CodeLlama-34B-Instruct-GPTQ
Property | Value |
---|---|
Model Size | 34B parameters |
License | Llama 2 |
Paper | Research Paper |
Author | Meta (Original), TheBloke (Quantized) |
Quantization | GPTQ (Multiple Options) |
What is CodeLlama-34B-Instruct-GPTQ?
CodeLlama-34B-Instruct-GPTQ is a quantized version of Meta's powerful code-focused language model, specifically optimized for instruction-following and code generation tasks. This GPTQ-quantized variant maintains the capabilities of the original model while reducing the computational requirements through various quantization options.
Implementation Details
The model offers multiple quantization configurations, including 4-bit and 8-bit options with different group sizes (32g, 64g, 128g) and Act Order settings. The implementation uses the AutoGPTQ framework and is compatible with modern GPU inference frameworks.

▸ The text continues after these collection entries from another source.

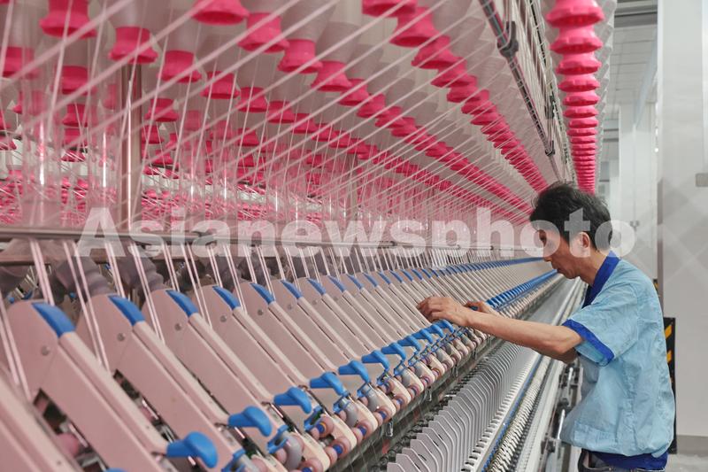 图片说明:2023年6月6日,纺织工人在位于江苏省南通市崇川区的江苏大生智慧纺纱工厂生产车间忙碌。
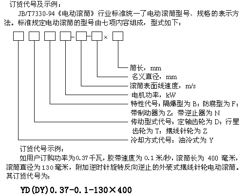 (2)用戶訂購逆止電動(dòng)滾筒時(shí),須注明旋轉(zhuǎn)方向,如不注明則為任意方向。其表示方法為在特性代號(hào)后加“S”(表示在電機(jī)引出線一側(cè)觀察,端蓋應(yīng)順時(shí)針旋轉(zhuǎn))或“N”(表示在電機(jī)引出線一側(cè)觀察,端蓋應(yīng)逆時(shí)針旋轉(zhuǎn))。
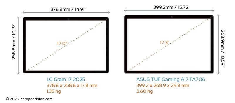 Wifi Gram 17 2025 cuenta con un estándar de Wi-Fi más avanzado v7, proporcionando conexiones inalámbricas más rápidas y fiables en comparación con TUF Gaming A17 FA706 (v6).
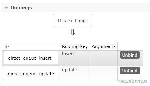 channel.queueBind(DIRECT_QUEUE_UPDATE, DIRECT_EXCHAGE, "update");
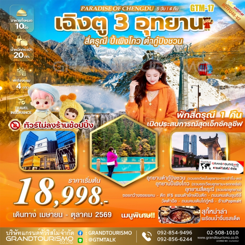 ทัวร์จีน เฉิงตู ไม่ลงร้าน สี่ดรุณี ภูเขาหิมะวาวู่ ง้อไบ๊ ตูเจียงเอี้ยน หมีแพนด้าเซลฟี่ หอหนังสือจงซูเก๋อ ถนนคนเดินซุนซีลู่ แพนด้ายักษ์ปีนตึก 5 วัน 4 คืน มี.ค. 69
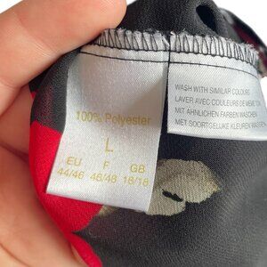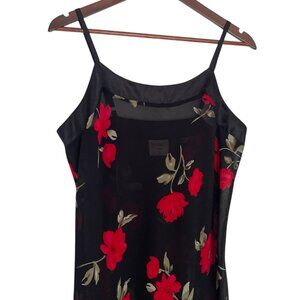 Vtg 90s Y2K Pasha Slip Maxi Dress L Black Red Floral Sheer Slits Romantic Goth
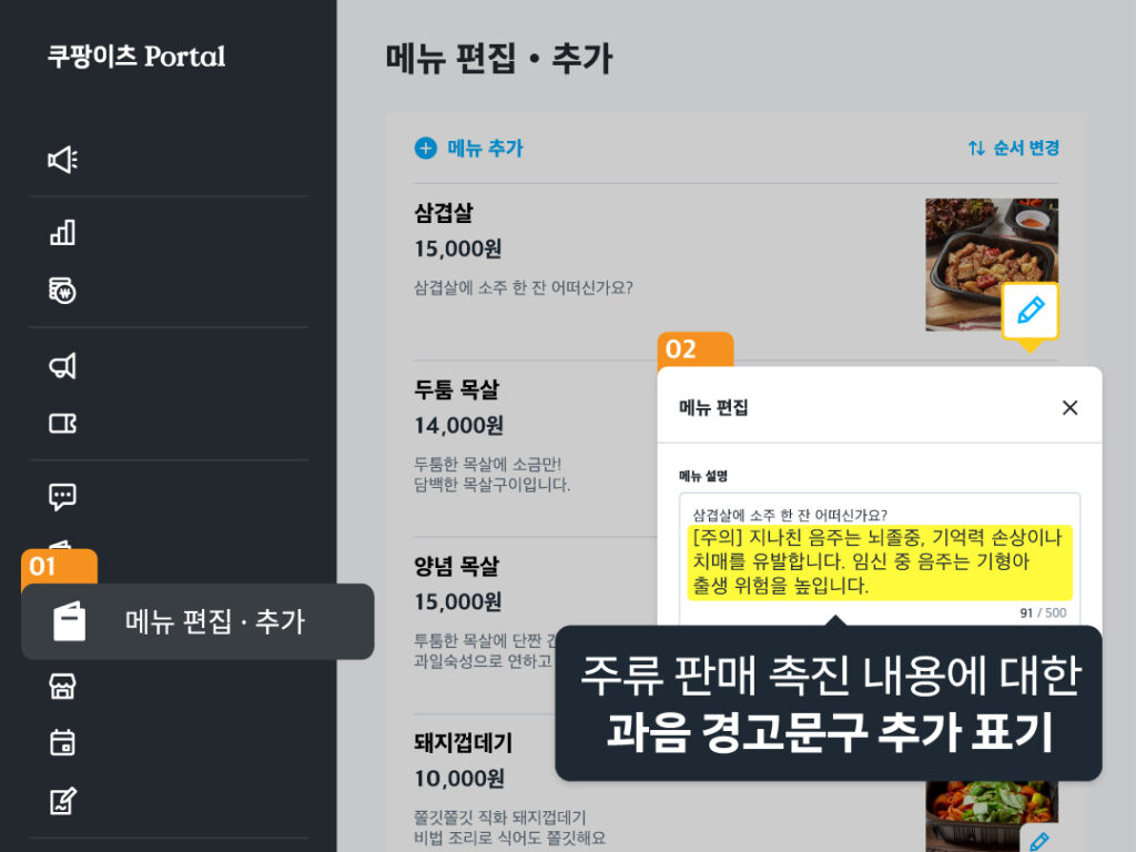 쿠팡이츠 사장님 포털 ▶ 메뉴 편집 ・ 추가

- Multiple GPTQ parameter options for different hardware configurations
- Optimized using Evol Instruct Code dataset for quantization
- Supports 4096 sequence length
- Compatible with ExLlama for 4-bit variants
Core Capabilities
- Code completion and generation
- Instruction-following for coding tasks
- Multi-language code understanding
- Optimized for production deployment
- Flexible quantization options for different hardware configurations
Frequently Asked Questions
Q: What makes this model unique?
This model combines the powerful capabilities of CodeLlama-34B with efficient quantization options, making it more accessible for deployment while maintaining high performance. The various quantization options allow users to balance between model quality and hardware requirements.
Q: What are the recommended use cases?
The model is ideal for code generation, code completion, and instruction-following tasks related to programming. It's particularly well-suited for production environments where efficient resource usage is crucial while maintaining high-quality code generation capabilities.